* _WHAT YOU NEED TO DO_
Leave the images out. Give every line below again, precisely.

* _STORED DATA_

┄┄┄┄┄┄┄┄┄┄┄┄┄┄┄┄┄┄┄┄

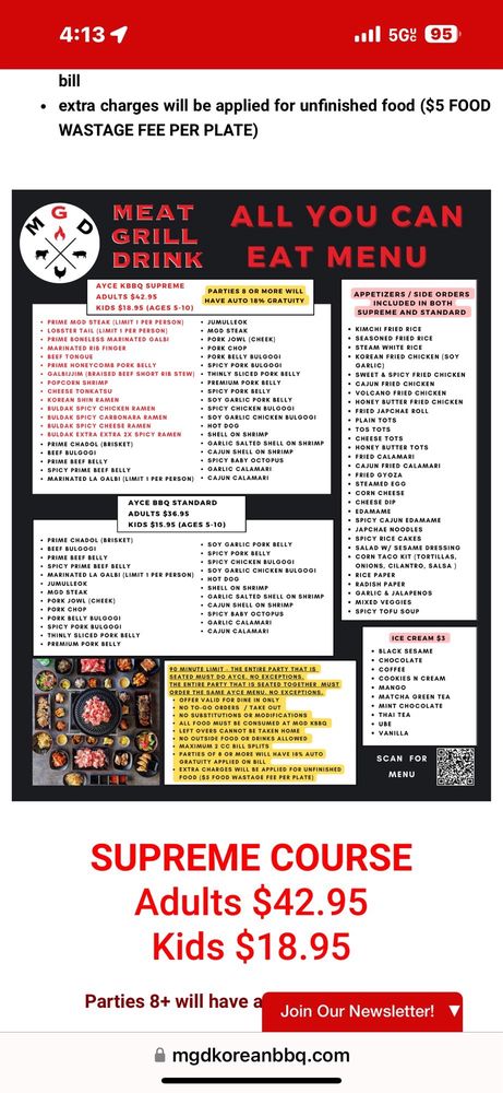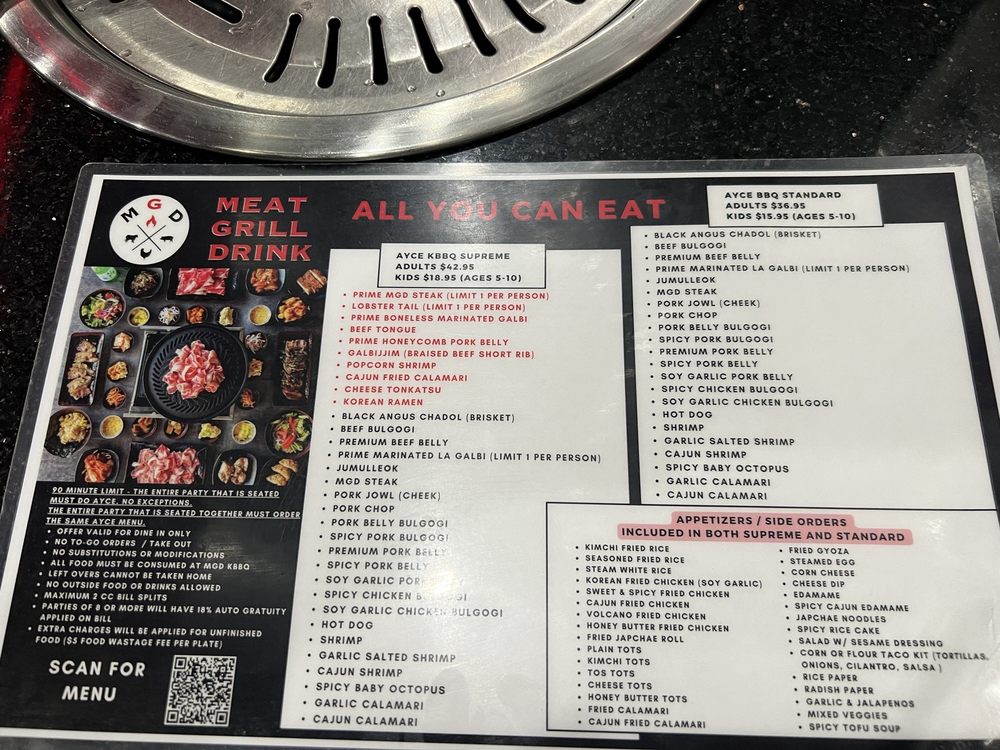 Welcome to MGD Korean BBQ, a trendy and casual spot in Los Angeles offering a wide range of Korean barbecue delights. With options for delivery, takeout, and reservations, this restaurant caters to all types of diners, including pescatarians and those with accessibility needs. The menu features mouthwatering appetizers like Fried Gyoza and Korean Fried Chicken, as well as BBQ plates such as Beef Bulgogi and Spicy Pork Bulgogi. Don't miss out on the extra sides like Kimchi and Sweet Mashed Potato Corn. Customers rave about the quality of the meats and the variety of sauces, with favorites like the bone-in La Galbi and lobster receiving high praise. While some mention minor service issues, overall, MGD Korean BBQ is a top choice for a satisfying Korean barbecue experience in the Valley. Whether you're a BBQ enthusiast or looking to try something new, this restaurant is a must-visit.
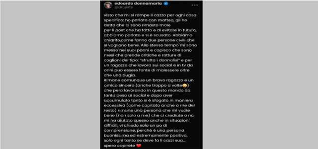 Parole dure quelle di Matteo Diamante che hanno scatenato la reazione dei fan dei Donnalisi e dello stesso Edoardo Donnamaria che, a distanza di pochi giorni, su Hive, ha pubblicato il lungo sfogo ammettendo di esserci rimasto male e di aver avuto un confronto chiarificatore con Diamante. “Visto che mi si rompe il cazz* per ogni cosa specifico: ho parlato con Matteo, gli ho detto che ci sono rimasto male per il post che ha fatto e di evitare in futuro. Abbiamo parlato e si è scusato. Abbiamo chiarito, come fanno due persone civili che si vogliono bene. Allo stesso tempo mi sono messo nei suoi panni e capisco che sono mesi che prende critiche e rotture di coglion* del tipo: “sfrutta i donnalisi” e per un ragazzo che lavora sui social e in tv da anni può essere fonte di malessere oltre che una bugia”, ha scritto lo speaker radiofonico.
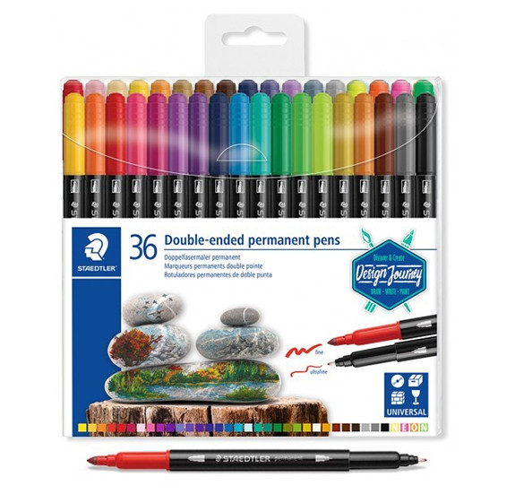 Rotuladores permanentes de doble punta, ideales para marcar diferentes superficies, con punta fina y ultrafina. Puntas con máxima versatilidad y colores intensos.
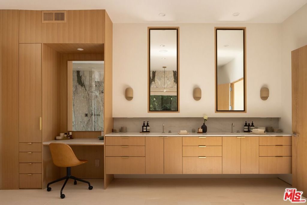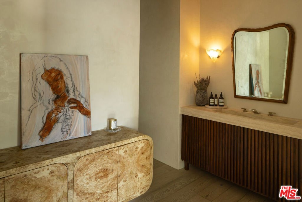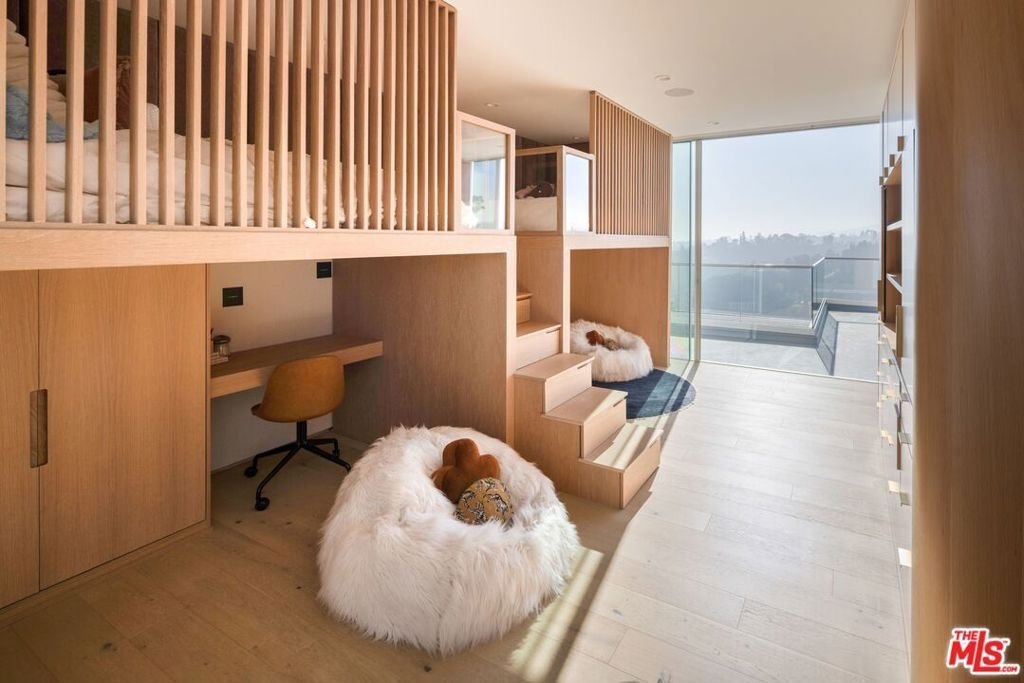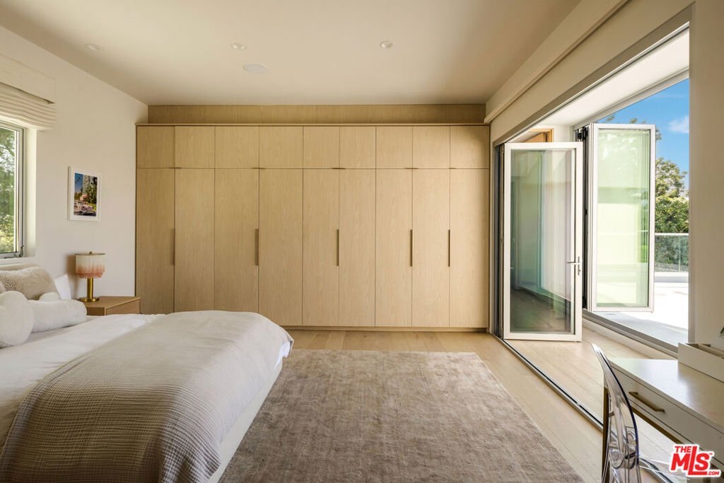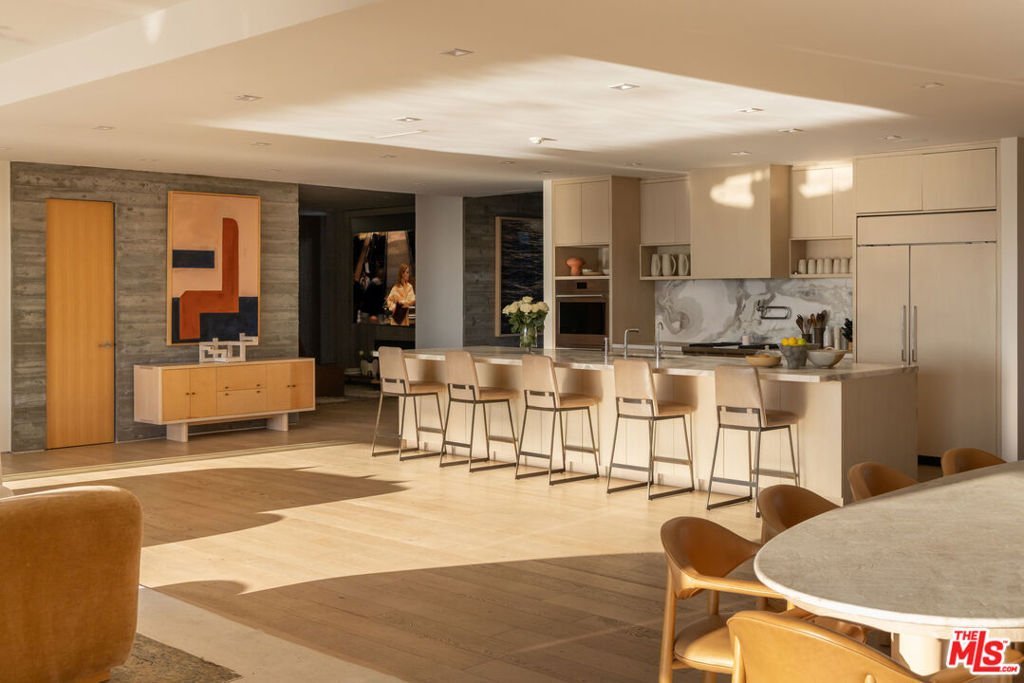 Set behind private gates and approached through a stone motor court lined with majestic olive trees, the residence opens to a wide glass pivot door that immediately frames unobstructed views stretching from Century City to the Pacific. Just inside, a living olive tree anchors the entry, blurring the boundary between architecture and landscape, and establishing a warm, organic thread that carries throughout the home. The main level is designed for both entertaining and ease with contemporary interiors by famed designer Bridgette Romanek. A moody theater room finished in custom wood paneling centers around a striking, floor-to ceiling travertine fireplace with a concealed, drop down projection screen, and connects to a more intimate family room that features a built-in bar. A stunning powder room serves the level, while the kitchen is designed to a true chef's standard, outfitted with top-tier appliances and a layout that supports both function and flow. Adjacent, a glass-enclosed, temperature-controlled wine room acts as a visual centerpiece to the formal dining area. The formal living and dining areas are anchored by a dual-sided fireplace and open fully to the exterior. Just beyond, a covered lounge sits adjacent to the pool, extending the main living spaces into the expansive outdoors. A glass-encased staircase leads to the upper level, where clean, uninterrupted walls provide a natural gallery setting. The primary suite is positioned to take full advantage of the explosive views, with a large balcony and a separate sitting lounge with fireplace overlooking the grounds. The luxuriously-appointed bathroom is finished with a soaking tub, steam and rainfall shower, vanity, and a walk-in closet. Two additional bedrooms complete the upper level, including a custom-designed children's room with elevated twin beds and integrated desks. The lower level offers three additional rooms, providing flexibility in use: a guest bedroom, a playroom that can be reconfigured into two separate rooms, and a flex space equipped with a Murphy bed. A dedicated laundry room completes this level. Surrounded by meticulous landscaping, the home offers complete privacy with interiors defined by warm materials, clean lines, and carefully considered finishes. All of this, just minutes from the shopping, dining, and nightlife of Beverly Hills, yet positioned to feel entirely removed.

┄┄┄┄┄┄┄┄┄┄┄┄┄┄┄┄┄┄┄┄

* _WRITTEN ANSWER_
 Welcome to MGD Korean BBQ, a trendy and casual spot in Los Angeles offering a wide range of Korean barbecue delights. With options for delivery, takeout, and reservations, this restaurant caters to all types of diners, including pescatarians and those with accessibility needs. The menu features mouthwatering appetizers like Fried Gyoza and Korean Fried Chicken, as well as BBQ plates such as Beef Bulgogi and Spicy Pork Bulgogi. Don't miss out on the extra sides like Kimchi and Sweet Mashed Potato Corn. Customers rave about the quality of the meats and the variety of sauces, with favorites like the bone-in La Galbi and lobster receiving high praise. While some mention minor service issues, overall, MGD Korean BBQ is a top choice for a satisfying Korean barbecue experience in the Valley. Whether you're a BBQ enthusiast or looking to try something new, this restaurant is a must-visit.
 Parole dure quelle di Matteo Diamante che hanno scatenato la reazione dei fan dei Donnalisi e dello stesso Edoardo Donnamaria che, a distanza di pochi giorni, su Hive, ha pubblicato il lungo sfogo ammettendo di esserci rimasto male e di aver avuto un confronto chiarificatore con Diamante. “Visto che mi si rompe il cazz* per ogni cosa specifico: ho parlato con Matteo, gli ho detto che ci sono rimasto male per il post che ha fatto e di evitare in futuro. Abbiamo parlato e si è scusato. Abbiamo chiarito, come fanno due persone civili che si vogliono bene. Allo stesso tempo mi sono messo nei suoi panni e capisco che sono mesi che prende critiche e rotture di coglion* del tipo: “sfrutta i donnalisi” e per un ragazzo che lavora sui social e in tv da anni può essere fonte di malessere oltre che una bugia”, ha scritto lo speaker radiofonico.
 Rotuladores permanentes de doble punta, ideales para marcar diferentes superficies, con punta fina y ultrafina. Puntas con máxima versatilidad y colores intensos.
 Set behind private gates and approached through a stone motor court lined with majestic olive trees, the residence opens to a wide glass pivot door that immediately frames unobstructed views stretching from Century City to the Pacific. Just inside, a living olive tree anchors the entry, blurring the boundary between architecture and landscape, and establishing a warm, organic thread that carries throughout the home. The main level is designed for both entertaining and ease with contemporary interiors by famed designer Bridgette Romanek. A moody theater room finished in custom wood paneling centers around a striking, floor-to ceiling travertine fireplace with a concealed, drop down projection screen, and connects to a more intimate family room that features a built-in bar. A stunning powder room serves the level, while the kitchen is designed to a true chef's standard, outfitted with top-tier appliances and a layout that supports both function and flow. Adjacent, a glass-enclosed, temperature-controlled wine room acts as a visual centerpiece to the formal dining area. The formal living and dining areas are anchored by a dual-sided fireplace and open fully to the exterior. Just beyond, a covered lounge sits adjacent to the pool, extending the main living spaces into the expansive outdoors. A glass-encased staircase leads to the upper level, where clean, uninterrupted walls provide a natural gallery setting. The primary suite is positioned to take full advantage of the explosive views, with a large balcony and a separate sitting lounge with fireplace overlooking the grounds. The luxuriously-appointed bathroom is finished with a soaking tub, steam and rainfall shower, vanity, and a walk-in closet. Two additional bedrooms complete the upper level, including a custom-designed children's room with elevated twin beds and integrated desks. The lower level offers three additional rooms, providing flexibility in use: a guest bedroom, a playroom that can be reconfigured into two separate rooms, and a flex space equipped with a Murphy bed. A dedicated laundry room completes this level. Surrounded by meticulous landscaping, the home offers complete privacy with interiors defined by warm materials, clean lines, and carefully considered finishes. All of this, just minutes from the shopping, dining, and nightlife of Beverly Hills, yet positioned to feel entirely removed.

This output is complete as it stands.